On Fri, Sep 4, 2009 at 5:28 AM, Oren Ben-Kiki <oren@ben-kiki.org> wrote:
As for what is returned by the library, I agree that the only "safe"
choice is a byte array. However, the library _may_ choose to return
something else (such as a word array or even an "almost valid string")
depending on the platform, as long as it properly preserves the data.
 
It is also entirely possible for a library to expose options to the application about how to handle the new data type. Options that a library might expose include:

1) Always return it as a byte array (I think this should be the default and required behavior)

2) Throw exceptions/Raise errors if it can't convert it to a valid string (so if an application only wants to deal with strings, it can)

3) Convert if possible, otherwise return a byte array

For both 2 and 3, a library can expose different options about how to convert.
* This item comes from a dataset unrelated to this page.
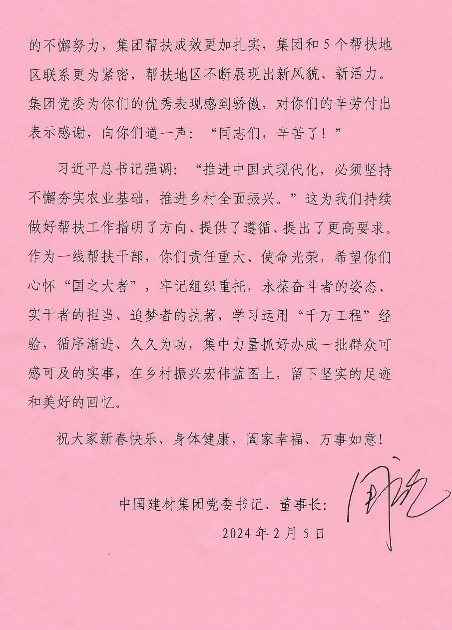 致中國(guó)建材集團(tuán)幫扶干部的一封信
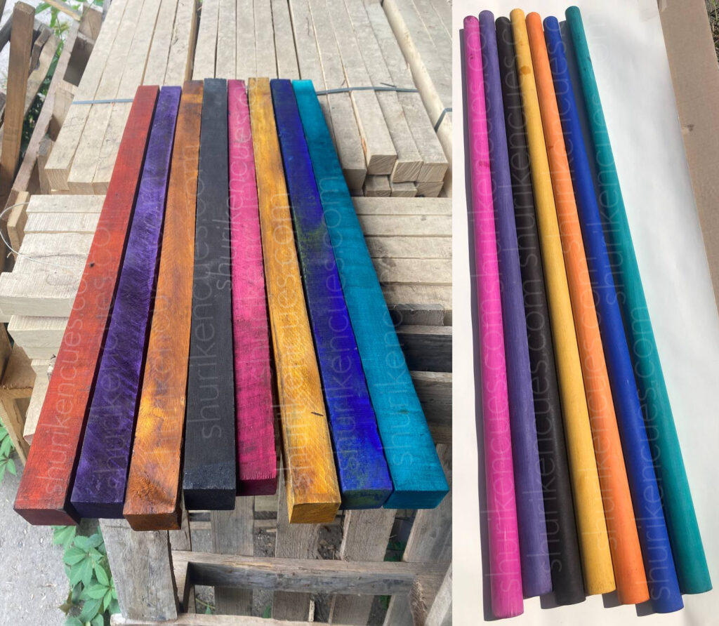 The main wood we working with is Hornbeam. It perfectly behaves during the manufacture and very reliable and stable in finished product. Natural color of Hornbeam is white, but it reveals an excellent capability of being dyed. The technology we use perfectly dyes the whole wood from inside out and keeps its specifications of hardness. In consequence of it we have rich color palette of colored Hornbeam.

Is this something that the YAML spec needs to cover, though? It seems to me that this is a contract issue between the YAML processor (which is most likely in a library) and the application.

If the default/required behavior of the library is to return a language specific string when it can (option 3), then, in my opinion, it probably should not, by default, handle how invalid byte sequences are encoded into that string. In other words, the default behavior would be to only convert the bytes into a language specific string if the byte sequence is valid for that string type. A library should then expose options to change this behavior (with a tag handler being the most flexible choice).

The reason I say this is that the method chosen for conversion is going to be highly application specific. It will depend entirely upon that application's needs (most notably, whether or not it will retransmit the data). That is why I say it is largely an issue to be settled between the processor (most likely in a library) and the rest of the application..